1) Regional benchmark approach helps extend sustainability of the program and greater incentives for strong performers make it more fair overall

  • The region-based model is a significant change to the program, and one that we believe will be valuable in ensuring the ongoing viability of the MSSP program. Rather than the current model, where ACOs must continually beat their prior year performance (which can become increasingly difficult if not unsustainable for top performers), the regional approach starts the transition to a county-level rate.
  • The proposal calls for an ACO’s second- and third-year benchmarks to be re-calculated using not only the national FFS cost trend, but also regional FFS cost trends. Regions will be defined by counties, similar to Medicare Advantage and the Physician Group Practice demonstration sites. The second year re-basing will be 65%/35% national/regional; the third year will be 30%/70% regional.  
  • This means that the methodology sets the county rate using all beneficiaries in the county eligible for ACO assignment, so two ACOs operating in a given county would receive the same rate. For stronger performing ACOs, this creates larger incentives each year from beating the benchmark. If you’re great, your better odds compound each year. If you’re a low performer, and part of that is because you’re in a high growth region, your benchmarks become a little more forgiving. This further levels the playing field for external local factors that drive trend higher or lower, much of which is out of the immediate control of the ACOs.

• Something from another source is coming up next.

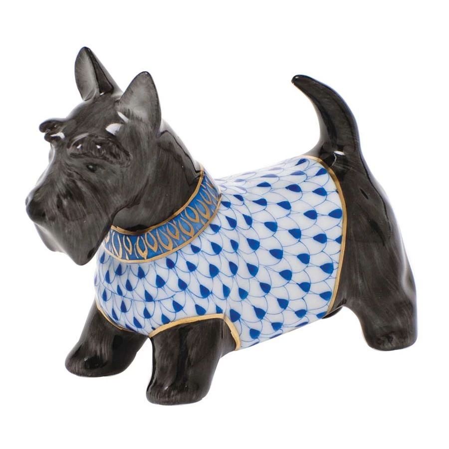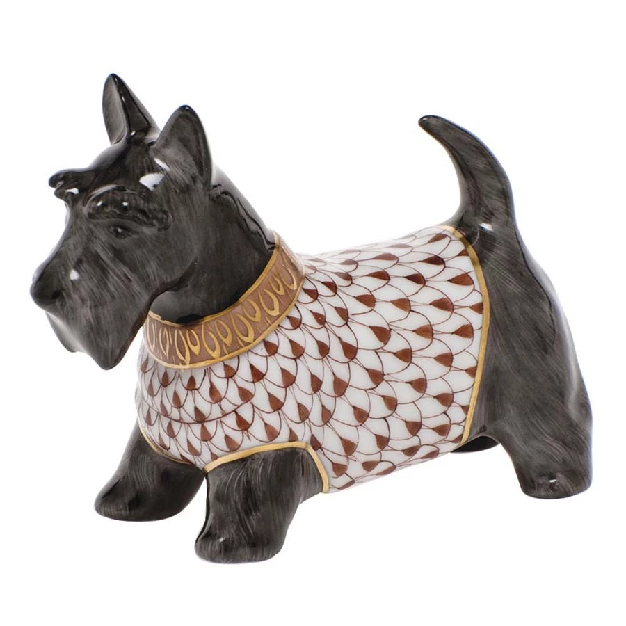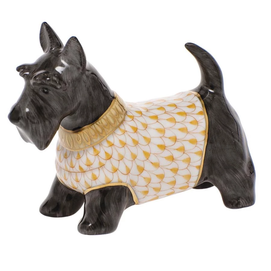 Invite McDuff, the adorable Scottish Terrier, into your home and he will bring joy to your day. Herend porcelain from Hungary, handmade and handpainted with 24K gold accents.

2) Non-utilizers are finally taken out of the equation

  • The proposed changes would set FFS benchmarks based on only beneficiaries eligible for ACO assignment, rather than all beneficiaries – effectively excluding the low- and non-utilizers who never see a PCP.
  • As Niyum Gandhi, Chief Population Health Officer at Mount Sinai Health System, explained, “While a $10K patient might inflate to $11K, $0 always inflates to $0,” which was making the performance benchmarks highly stringent.

3) High-performing ACOs with large populations may be pressured

  • Regional cost benchmarks will be based on all Medicare beneficiaries in the county, so all ACOs in that county have the same regional trend applied.
  • CMS determined that since most ACOs’ assigned populations are far smaller than the overall FFS beneficiary population, this approach was preferred to customizing each regional benchmark by removing each ACO’s own beneficiaries. However, for a dominant ACO that makes up a large proportion of its region’s population, this methodology does not give the ACO due credit for its role in bringing down regional costs.

4) ACOs will start to behave more like MA providers

  • Under the new rules, an ACO’s regional trend would be calculated using any counties where at least one beneficiary resides – and the median ACO spans 8 counties.
  • Where your patients live starts to matter. If you get a patient from a county with higher cost trend, your benchmark trend will be more forgiving if more of your patients live in counties with high cost trend rather than lower cost trend. It might discourage ACOs from serving rural counties, where inflation tends to rise more slowly.